Game Over (2019, Netflix) is one of those rare horrors treats that’s as creative and interesting as it is fun to watch. Psychology blends with the supernatural and a dash of slasher-flick to create a full-bodied thriller with plenty of twists and turns to keep you guessing up to the very end. The film’s protagonist is also a three-time ‘Cluvie — Indian, female, and neuro-atypical. This is a thinking person's horror movie for the “woke” crowd with just enough blood to satisfy slasher fans.
Spoilers ahead.
For those with a weak stomach for gore, the first five minutes of this film are not going to make you happy. Through the eyes of a stalker, we see a young woman going about her evening, completely unaware she’s being taped on video and followed. Her stalker captures her, tortures her, and kills her, all while we are forced to watch through his video recording. There’s a certain Psycho quality to this sequence, especially when we see the victim (via video) through a shower curtain.

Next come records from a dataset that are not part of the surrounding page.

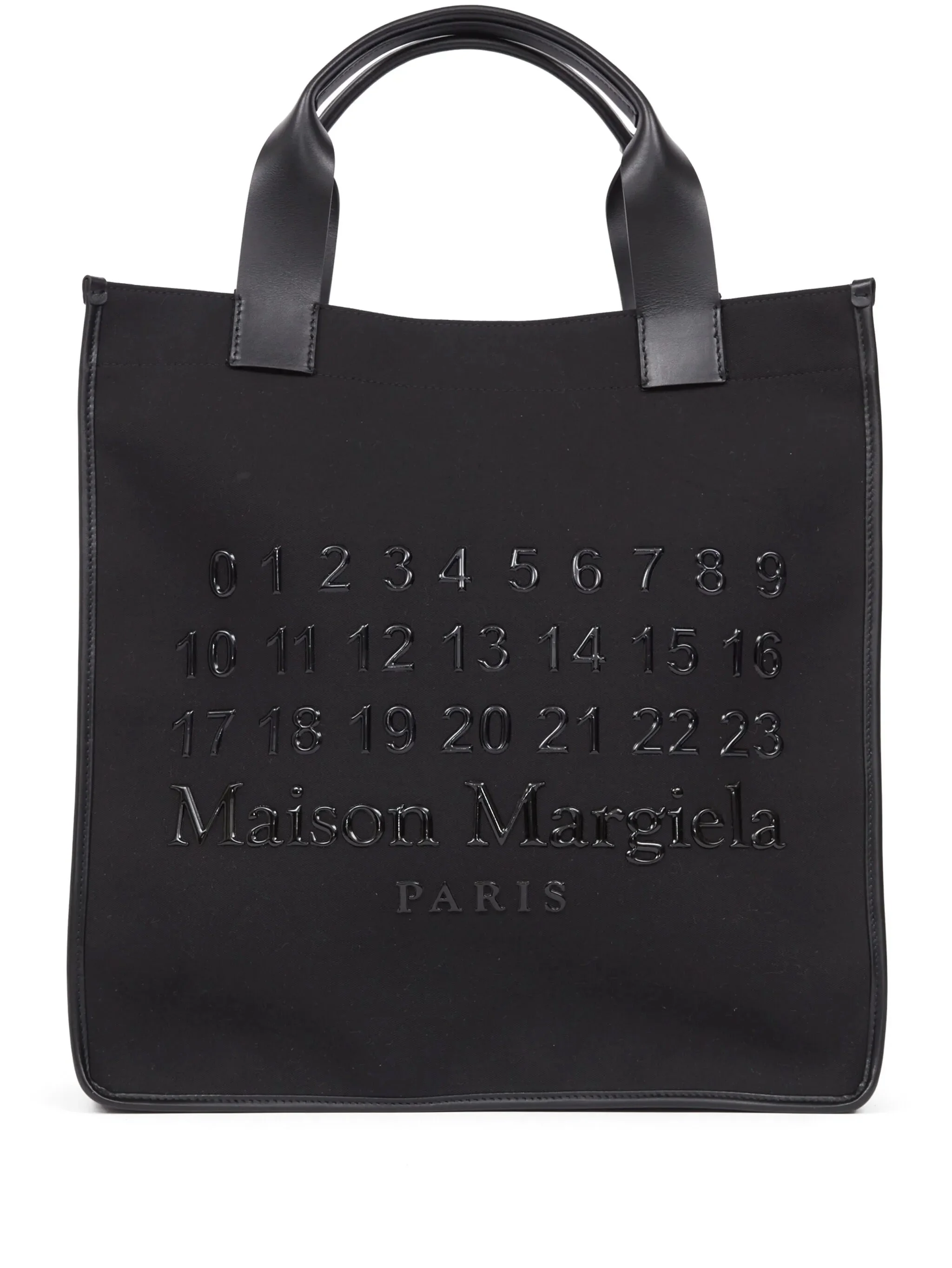 Cabas Shopping Bag Vertical in Black from Maison Margiela Highlights - black - one main compartment - internal zip pocket - magnetic closure - removable shoulder straps - embossed logo on the front - twill weave Made in Italy Designer ID: SB1WC0019P7276 Colour ID: HA200 Black/Black Materials Body: 65% Polyester, 35% Cotton Contrast: 100% Calf Leather Application: 100% Polyurethane Lining: 100% Cotton Lining: 100% Calf Leather Metallic Parts: 100% Brass
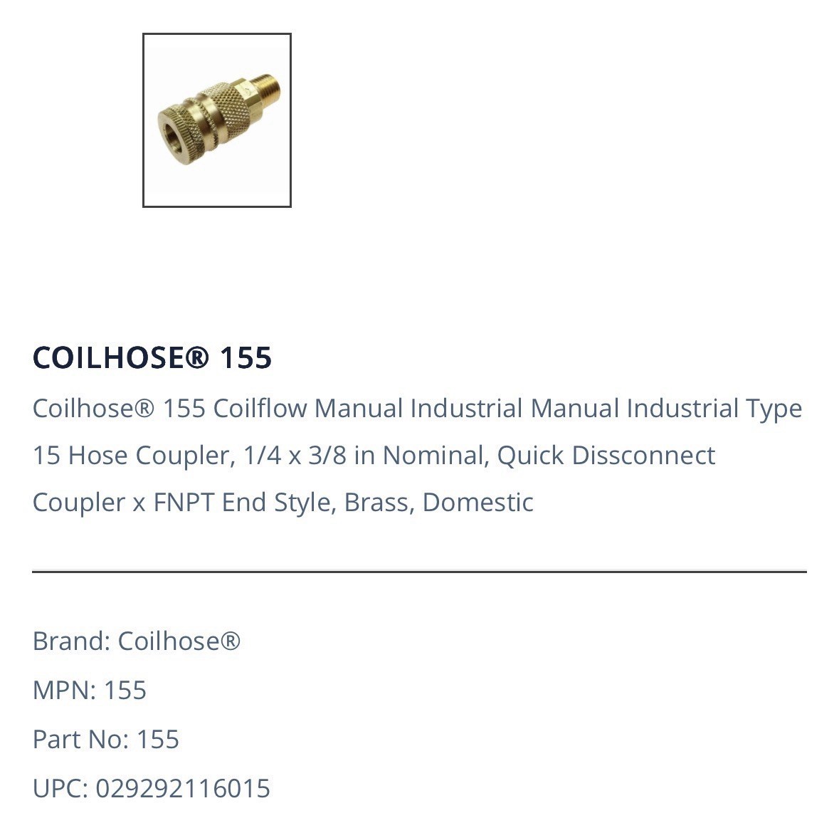 5-COILHOSE Industrial Type-15 1/4” Body Pneumatic Quick Coupler X 3/8” Male NPT
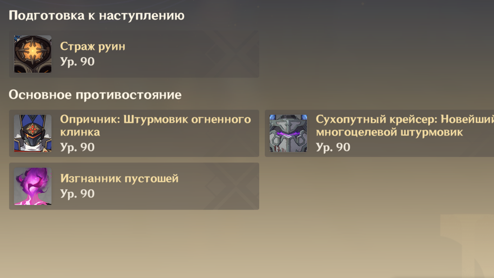 Серия боевых уровней, состоящих из двух этапов: Подготовка к наступлению и Основное противостояние. На первом этапе нужно выполнять определенные условия для повышения уровня усиления. На втором придется побеждать врагов с полученными баффами.

Cut to a year later. Swapna (the incredibly talented Taapsee Pannu) is a video game designer who appears to be just living her life as normally as possible. Her live-in housekeeper Kalamma (Vinodhini Vaidynathan) reminds Swapna that it’s almost New Year’s. This triggers Swampna’s PTSD; later in the film, we’ll learn that at a party last New Year’s Eve, Swapna was bound, gagged, and sexually assaulted in a dark room. She now fears the dark and suffers from panic attacks. Adding insult to injury, her ordeal was caught on camera and uploaded for titillation. She’s recognized when she goes out for coffee, but her “fans” are turned on rather than ashamed.
Swapna also has a gamer tattoo on her forearm. Her tattoo was accidentally made with “memorial” ink; ink mixed with someone’s ashes. The mother of the first victim (whose name was Amrutha) was meant to be tattooed with her daughter’s ashes. The two women meet face to face and Amrutha’s mother finds closure.